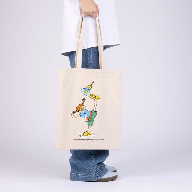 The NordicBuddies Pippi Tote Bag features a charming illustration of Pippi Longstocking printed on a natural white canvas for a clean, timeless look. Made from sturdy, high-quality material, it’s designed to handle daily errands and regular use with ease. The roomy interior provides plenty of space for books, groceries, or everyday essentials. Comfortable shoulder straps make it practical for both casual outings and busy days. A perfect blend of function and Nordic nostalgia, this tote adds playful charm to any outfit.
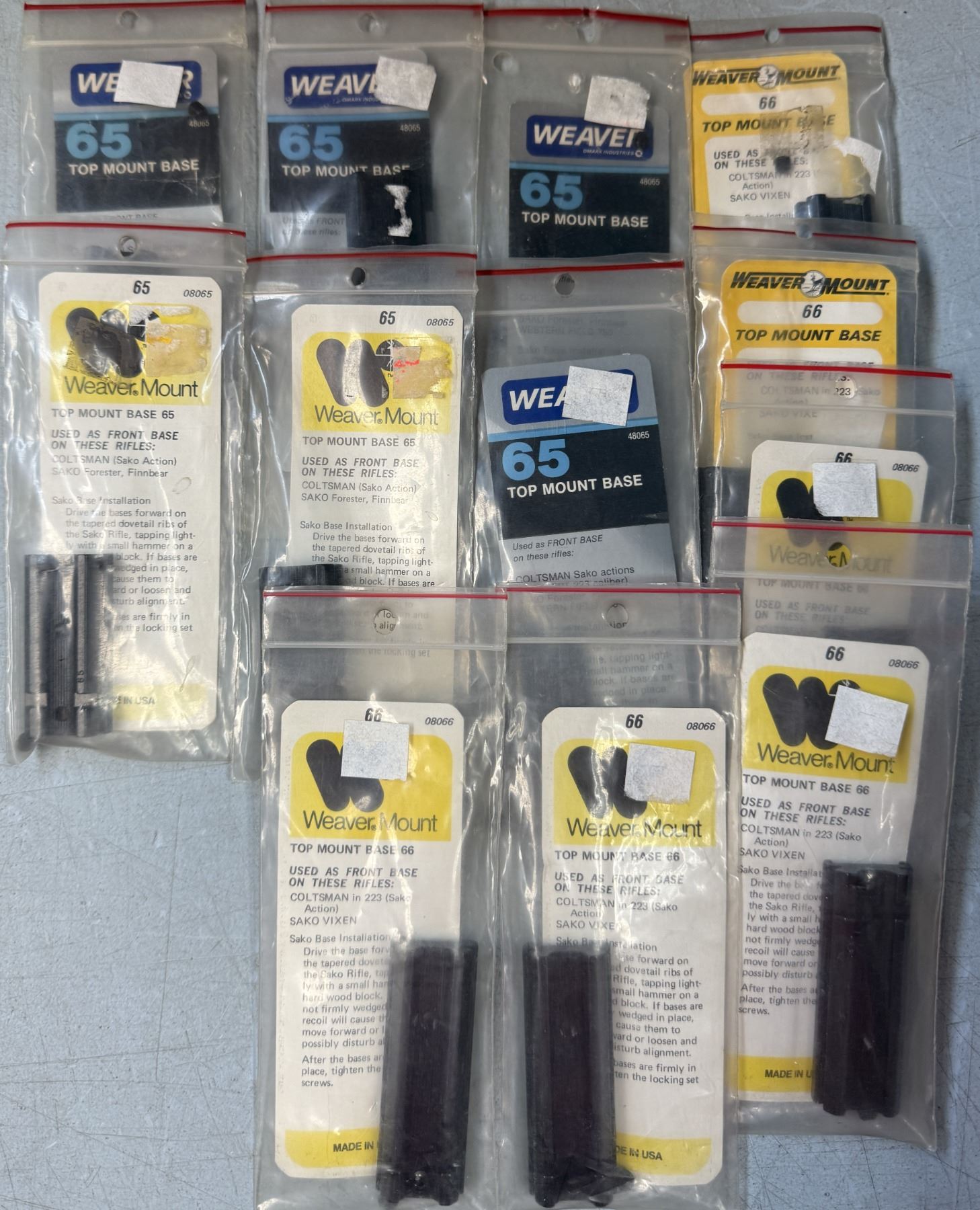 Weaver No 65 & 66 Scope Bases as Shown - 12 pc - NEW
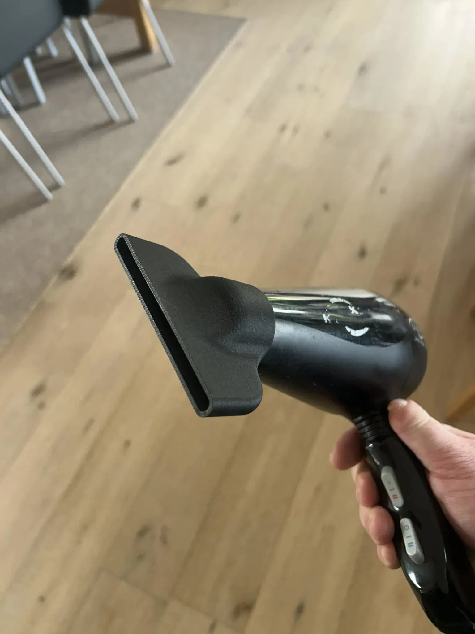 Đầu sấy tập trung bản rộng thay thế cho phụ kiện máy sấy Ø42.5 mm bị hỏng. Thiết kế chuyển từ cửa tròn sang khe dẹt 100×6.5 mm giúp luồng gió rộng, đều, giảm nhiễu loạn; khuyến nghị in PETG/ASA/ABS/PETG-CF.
● ● ● ● ●
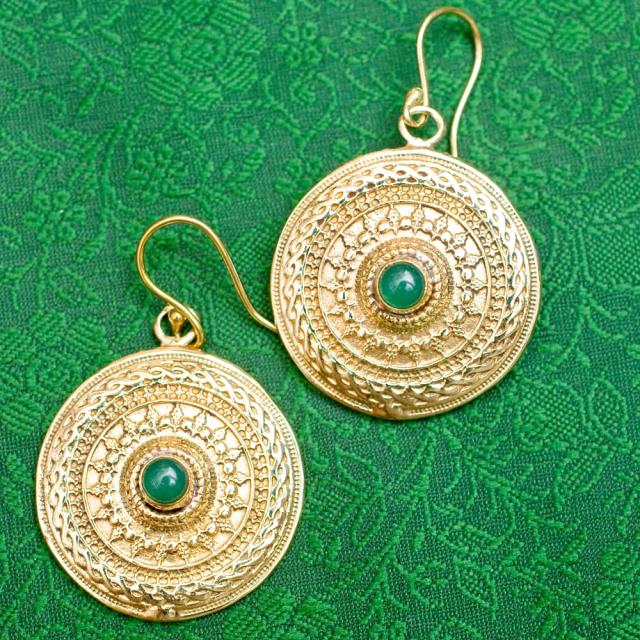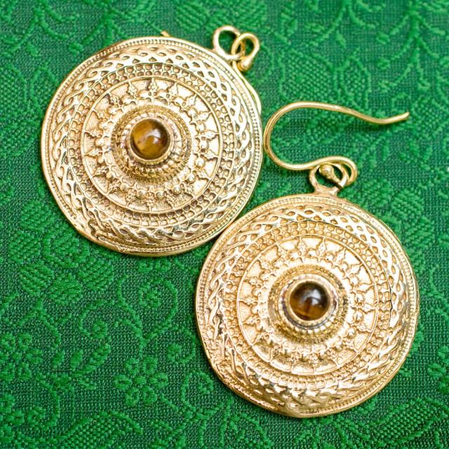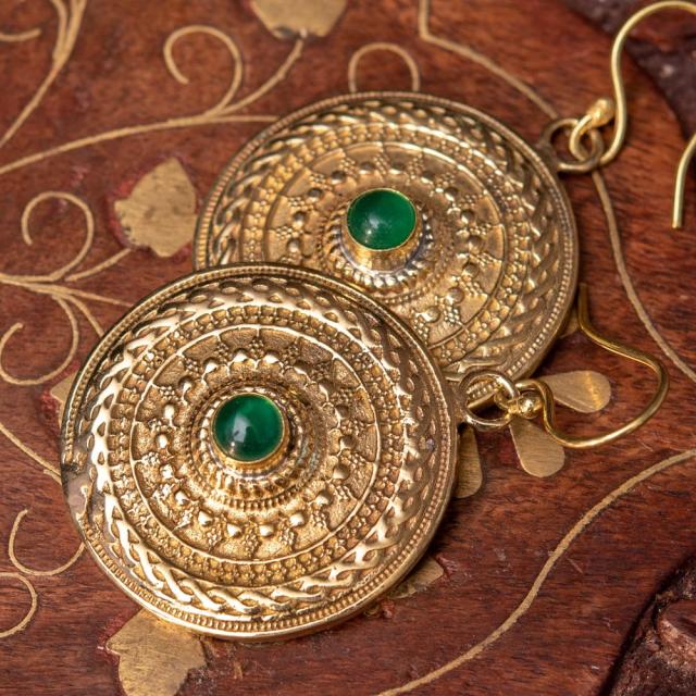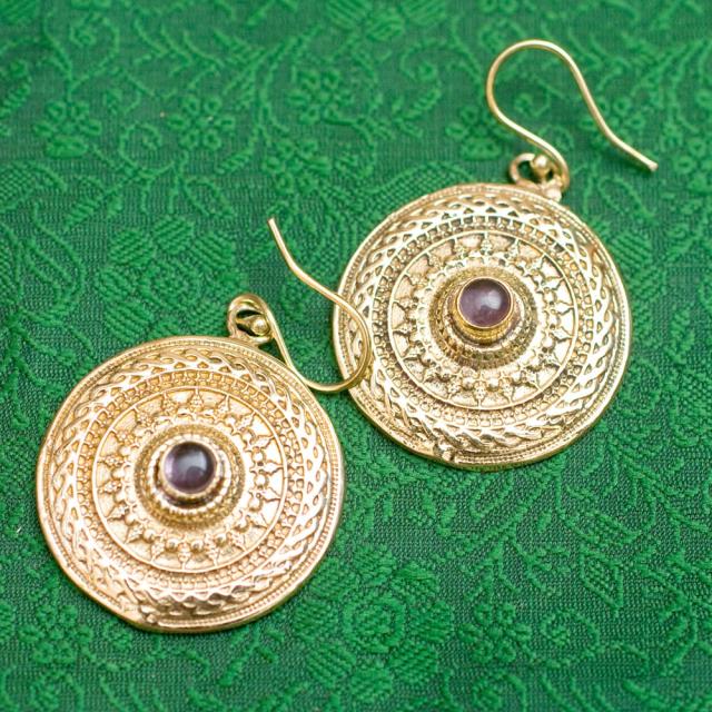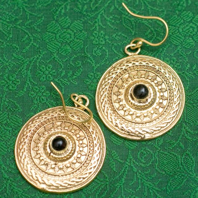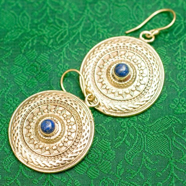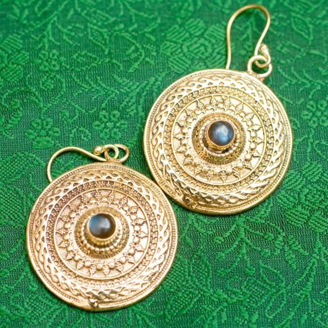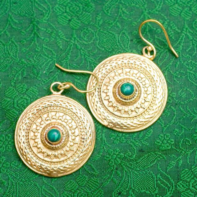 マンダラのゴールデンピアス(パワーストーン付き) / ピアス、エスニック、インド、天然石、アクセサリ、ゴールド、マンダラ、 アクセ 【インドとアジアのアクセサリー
● ● ● ● ●
Problem description: For this exercise, transcribe exactly the part of the records above that opens with the line containing "Weaver No 65" and closes with the one containing "Đầu sấy tập". Pictures are not part of the copy.

Output:
 Weaver No 65 & 66 Scope Bases as Shown - 12 pc - NEW
 Đầu sấy tập trung bản rộng thay thế cho phụ kiện máy sấy Ø42.5 mm bị hỏng. Thiết kế chuyển từ cửa tròn sang khe dẹt 100×6.5 mm giúp luồng gió rộng, đều, giảm nhiễu loạn; khuyến nghị in PETG/ASA/ABS/PETG-CF.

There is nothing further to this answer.